Biomineralization, also written biomineralisation, is the process by which living organisms produce minerals, often resulting in hardened or stiffened mineralized tissues. It is an extremely widespread phenomenon: all six taxonomic kingdoms contain members that can form minerals, and over 60 different minerals have been identified in organisms. Examples include silicates in algae and diatoms, carbonates in invertebrates, and calcium phosphates and carbonates in vertebrates. These minerals often form structural features such as sea shells and the bone in mammals and birds.
Organisms have been producing mineralized skeletons for the past 550 million years. Calcium carbonates and calcium phosphates are usually crystalline, but silica organisms (such as sponges and diatoms) are always non-crystalline minerals. Other examples include copper, iron, and gold deposits involving bacteria. Biologically formed minerals often have special uses such as magnetic sensors in magnetotactic bacteria (Fe3O4), gravity-sensing devices (CaCO3, CaSO4, BaSO4) and iron storage and mobilization (Fe2O3•H2O in the protein ferritin).
In terms of taxonomic distribution, the most common biominerals are the phosphate and carbonate salts of calcium that are used in conjunction with organic polymers such as collagen and chitin to give structural support to bones and shells. The structures of these biocomposite materials are highly controlled from the nanometer to the macroscopic level, resulting in complex architectures that provide multifunctional properties.
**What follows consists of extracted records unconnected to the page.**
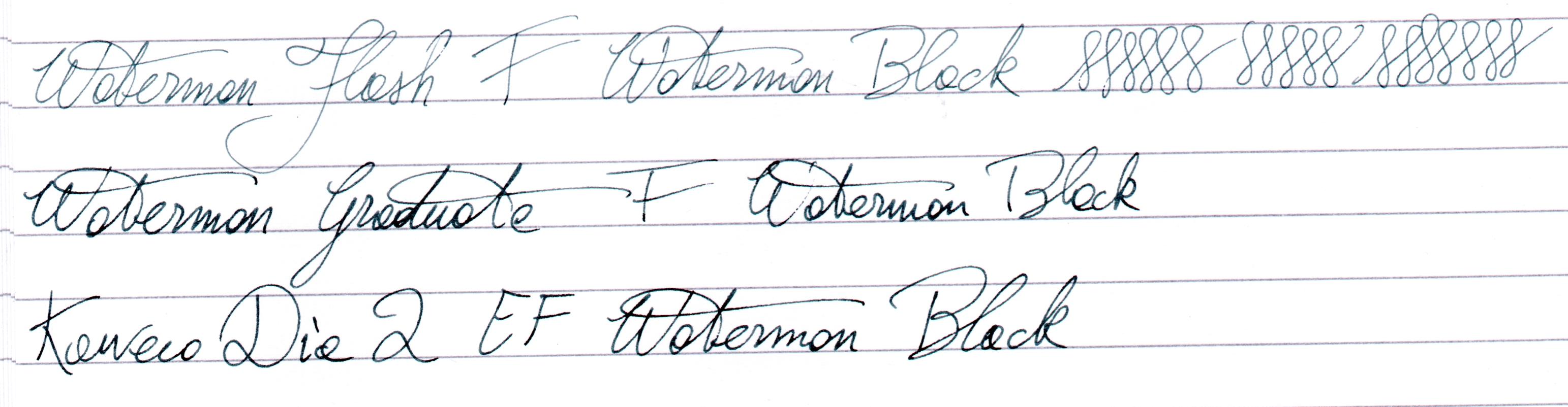 Muovendolo sul foglio, il pennino restituisce un feedback sia uditivo che tattile molto, molto marcato, per me piacevole, probabilmente accentuato dallo scarsissimo flusso della penna. Sebbene il flusso stitico non ha nessuna falsa partenza o salto nel tratto anche accelerando nella scrittura.
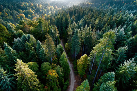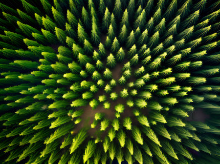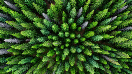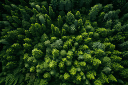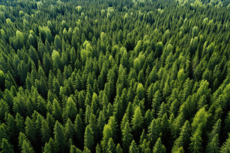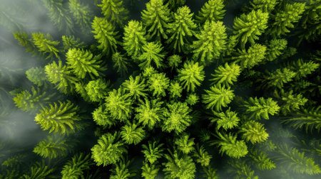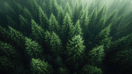 An overhead view reveals a dense forest canopy composed of numerous tall evergreen trees. The scene showcases a variety of green hues, with textures of needles and branches. The composition is framed by subdued lighting. The image suits commercial and editorial applications to depict nature or environment.
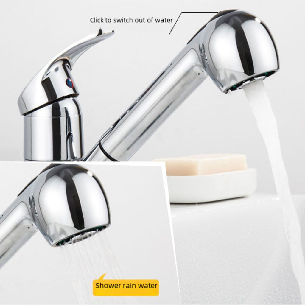 - Doble función de salida de agua: La boquilla desplegable ofrece dos modos de flujo, columna de agua y modo ducha, que satisfacen diversas necesidades y mejoran la eficiencia en la cocina.
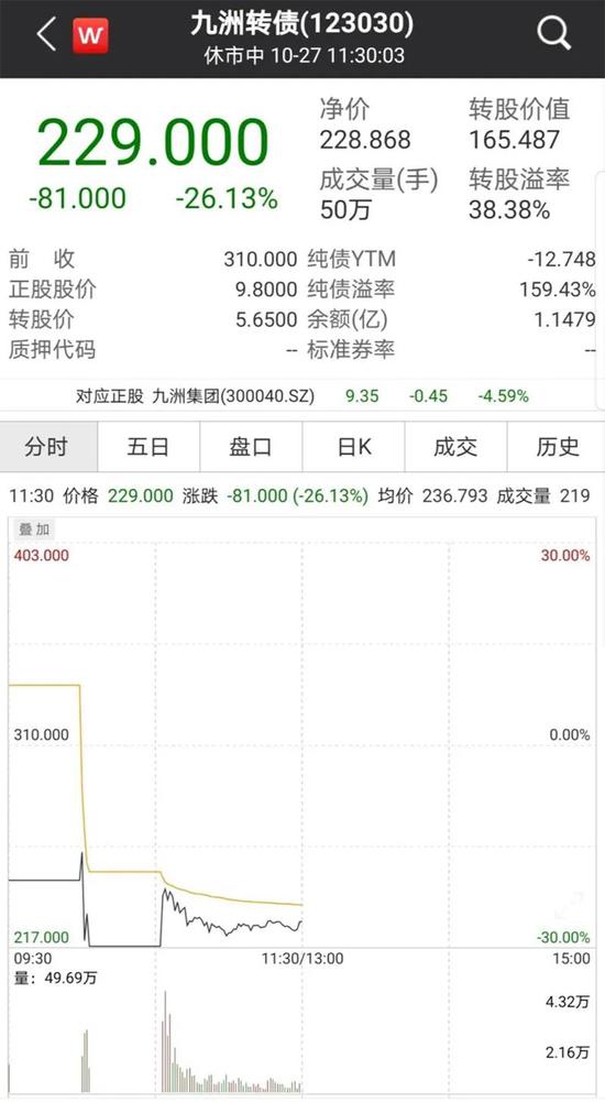 截至午间收盘,九洲转债报229元,下跌26.13%,对应正股九洲集团下跌4.59%。
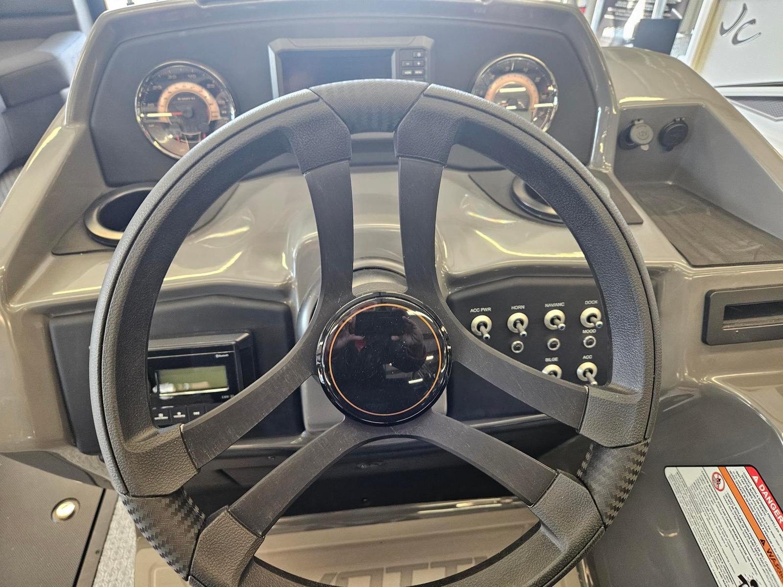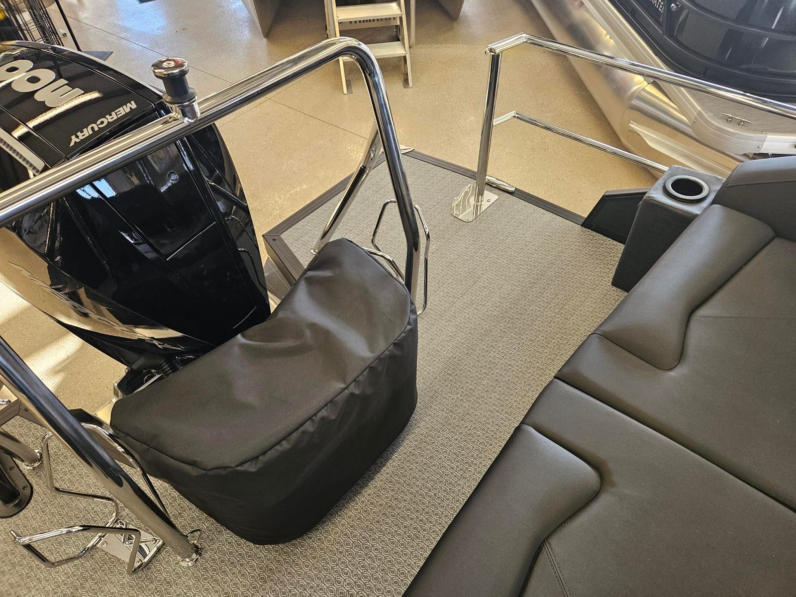 At the heart of the Evotti 523 CS is a robust Mercury 300XL Mechanical Black engine, delivering an impressive 300 horsepower. This powerhouse ensures that your pontoon glides effortlessly across lakes, rivers, and coastal waters, providing a smooth and exhilarating ride every time. The advanced prerig Mercury Mechanical 175 & Up - 500 Series system and single engine rigging & prop are engineered for optimal performance and reliability, giving you the confidence to explore new horizons with ease. Whether you’re cruising at a leisurely pace or picking up speed for watersports, the Evotti 523 CS offers responsive handling and efficient power delivery.
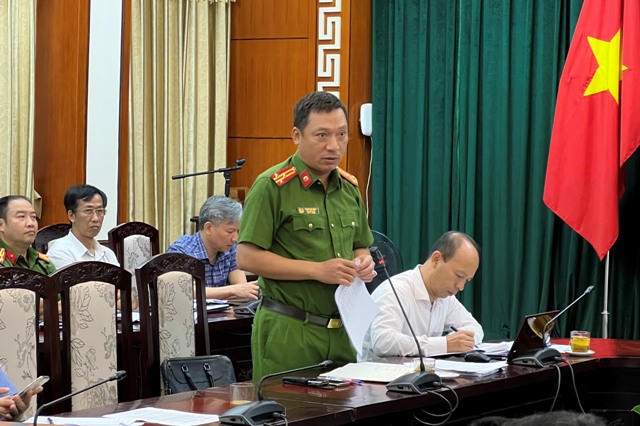 | Thượng tá Phạm chí Hiếu - Phó Giám đốc Công an tỉnh Hải Dương phát biểu tại hội nghị |
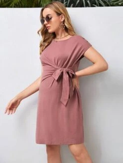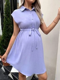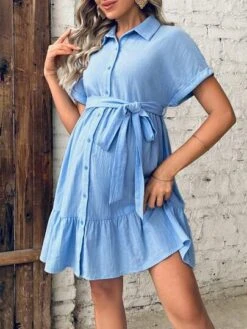 SHEIN Maternity Batwing Sleeve Ruffle Hem Belted Shirt Dress

Because this range of control over mineral growth is desirable for materials engineering applications, there is interest in understanding and elucidating the mechanisms of biologically-controlled biomineralization.
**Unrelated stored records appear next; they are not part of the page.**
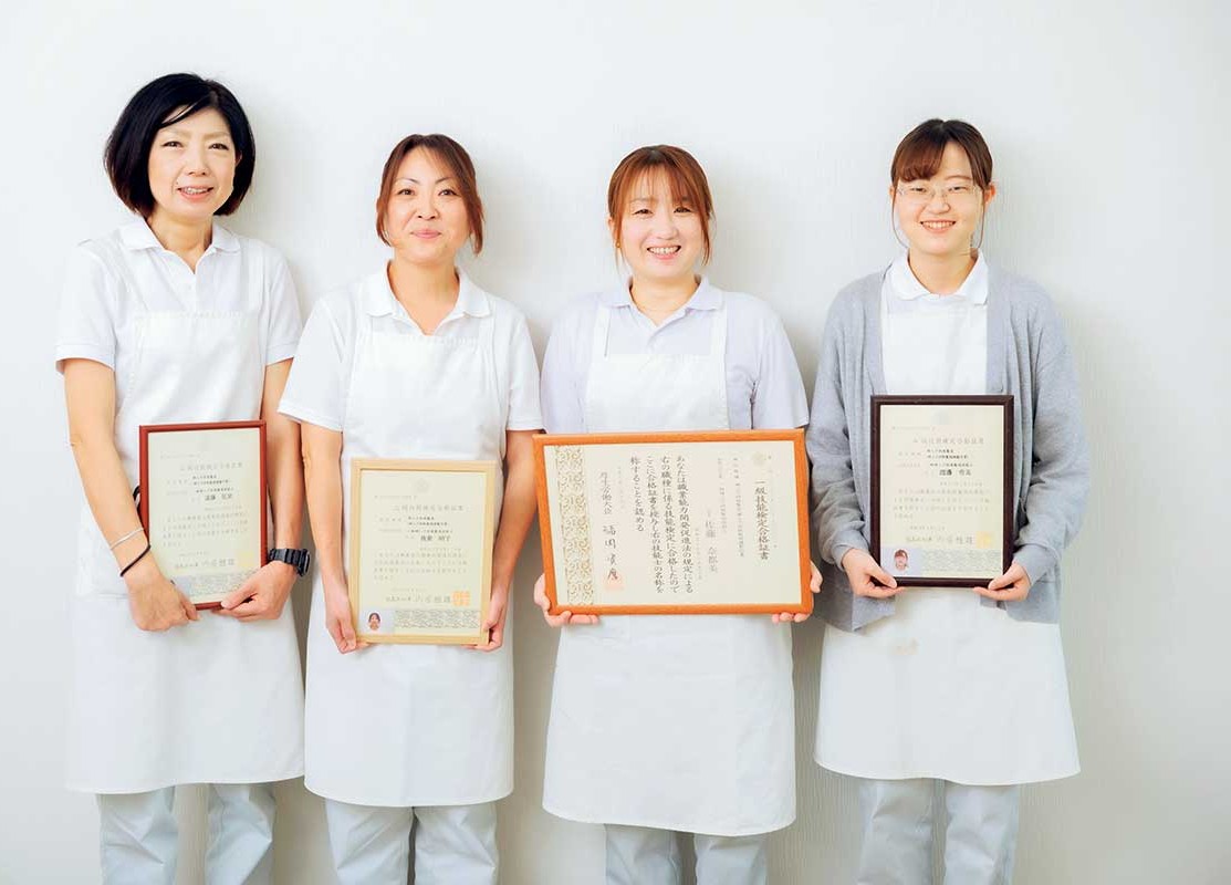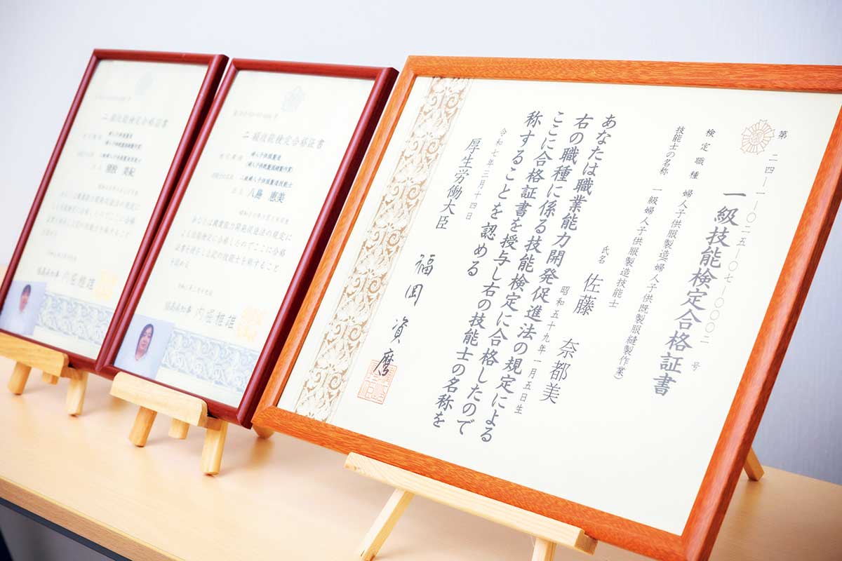 ◯「婦人子供服製造技能士」「パターン技術検定」などの有資格者多数。
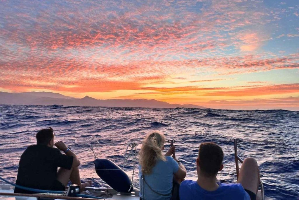 디아 섬까지 가는 데는 날씨에 따라 약 1시간 정도 소요됩니다. 대부분의 경우 날씨에 따라 돛을 올리고 바람의 힘을 이용할 수 있습니다. 도중에 섬의 역사와 전설에 대한 흥미로운 이야기를 들으며 장난기 가득한 돌고래를 관찰하세요. 원하신다면 자유롭게 세일링 액티비티에 참여하실 수 있습니다!
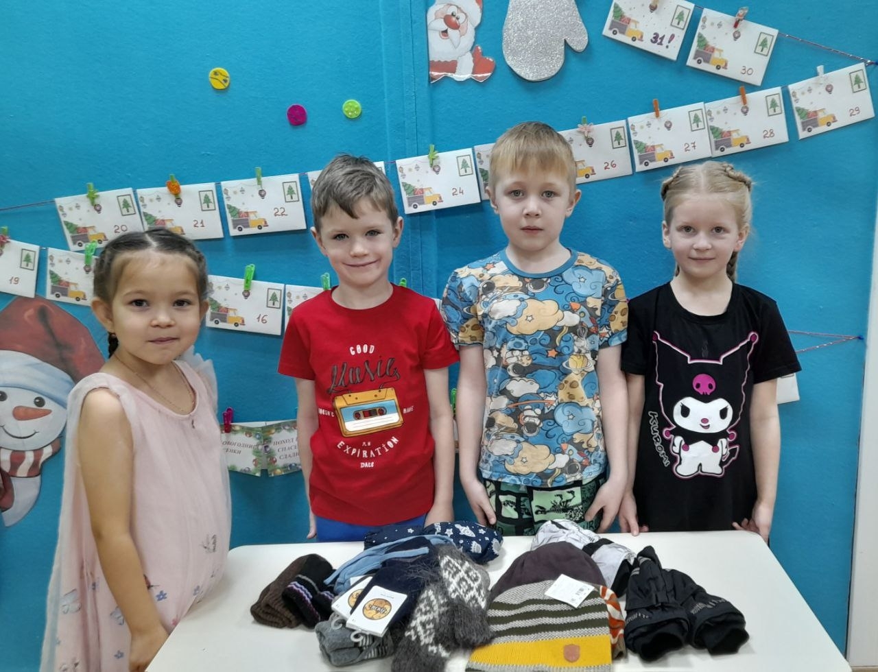 Теплые вещи: Мы собрали и передаем вязаные варежки и носки, чтобы согреть в холодные дни. Каждая петелька в них — это знак нашей заботы и поддержки.

Mineralization can be subdivided into different categories depending on the following: the organisms or processes that create chemical conditions necessary for mineral formation, the origin of the substrate at the site of mineral precipitation, and the degree of control that the substrate has on crystal morphology, composition, and growth. These subcategories include biomineralization, organomineralization, and inorganic mineralization, which can be subdivided further. However, the usage of these terms varies widely in the scientific literature because there are no standardized definitions. The following definitions are based largely on a paper written by Dupraz et al. (2009), which provided a framework for differentiating these terms.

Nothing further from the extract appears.